Even before we reached Stonegate, the street that would take us home, I could tell something ahead was amiss. The crowds had flowed out of St. Martin's church, but rather than continuing on their way, they had stopped and surrounded a man preaching in the street. While some listened intently, to my ears he sounded like a lunatic.

“In the midst of our nation's divisions, distractions, and desolations, the Lord our God has seen fit to smite us with war, with fire, with pestilence, and now with a terrible and torturing heat. The crying sin of our nation, the door through which Satan has entered our realm, is the profaning of the Sabbath with piping, with dancing, with dicing, and with other such devilish pastimes!”

The man wore all black with a white collar draped across his shoulders; the collar was plain, of course—such a one as he would view lace as mere frivolity. He held a large Bible with gilded edges over his head, and periodically jabbed it with his finger to emphasize a particular point. He faced away from us as we approached, but his voice was loud enough that we could hear him perfectly.

“Some of you will object to my words,” he thundered. “You will say, ‘We have spent part of the day in the House of the Lord; surely we should make merry in the afternoon. Why should we not dance? It is only good neighborliness.' But to you I say, why do you go straight out of God's church and into the devil's? Did the Lord say unto Moses, ‘
Part
of the seventh day is the Sabbath of the Lord'? Did he say, ‘Do what you will in the afternoon'? Or, ‘Thou shalt spend the Sabbath in the alehouse'?”

Martha tittered at the image of Moses on an alehouse bench, and the preacher whirled around to find the miscreant. Despite his age—I would have guessed him to be near fifty—he moved with the agility of a younger man, and seemed ready to pounce on whomever had the temerity to laugh at his sermon. He stared into the crowd with such intensity, it took me a moment to notice the milky white pearl within one of his eyes; the man was half-blind.

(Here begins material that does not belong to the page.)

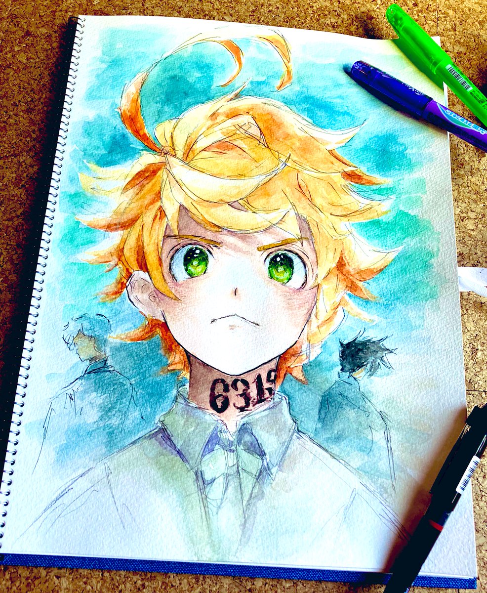 模写模写 約束のネバーランド ムジカとエマ 先に色塗ってます #約束のネバーランド #エマ #ムジカ #水彩

“Oh, you may laugh now,” he roared into the crowd. “But your screams will echo through the ages when the Lord comes to punish you for your sins. You must repent, and you must keep the Sabbath holy, for the Lord demands it!”

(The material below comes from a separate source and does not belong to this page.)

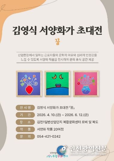 [인천광역신문] 최예준 기자 | 김천시는 김천1일반산업단지 복합문화센터에서 지역 예술가 김영식 작가의 기획초대전 '꿈'을 오는 4월 10일부터 6월 12일까지 개최한다고 밝혔다.

I took Martha's arm and gently steered her through the crowd toward home. Though I did not think the preacher had noticed me or Martha out of all those in the crowd, I could not help feeling that he watched us as we slipped away.

“Your brother-in-law will be pleased with the preaching that the rebellion has brought to York,” Martha said disparagingly.

I would never have given voice to such thoughts, but I could not disagree with her sentiment. While the war between King and Parliament raged on to the south, York had been at peace ever since the rebel armies took the city and expelled the Royalist garrison, along with their allies in government. The change proved a blessing for the city's Puritans, including my brother-in-law, Edward. Rather than hiding their Puritanism—under a bushel, they would say—the godly were now free to do as they pleased. Edward and the other Aldermen replaced the King's priests with ministers who loved the sermon above all else and disdained the beauty of holiness. In their fervor, they stripped the cathedral of its silver candlesticks and destroyed the memorial to Thomas à Becket. Nor was the Minster alone in its suffering: the godly had pulled the stained glass windows out of Coneystreet's church, and ordered crucifixes—“idols,” they called them—be taken down throughout the city. I had been able to protect my parish of St. Helen's from such thefts, but most had not been so lucky.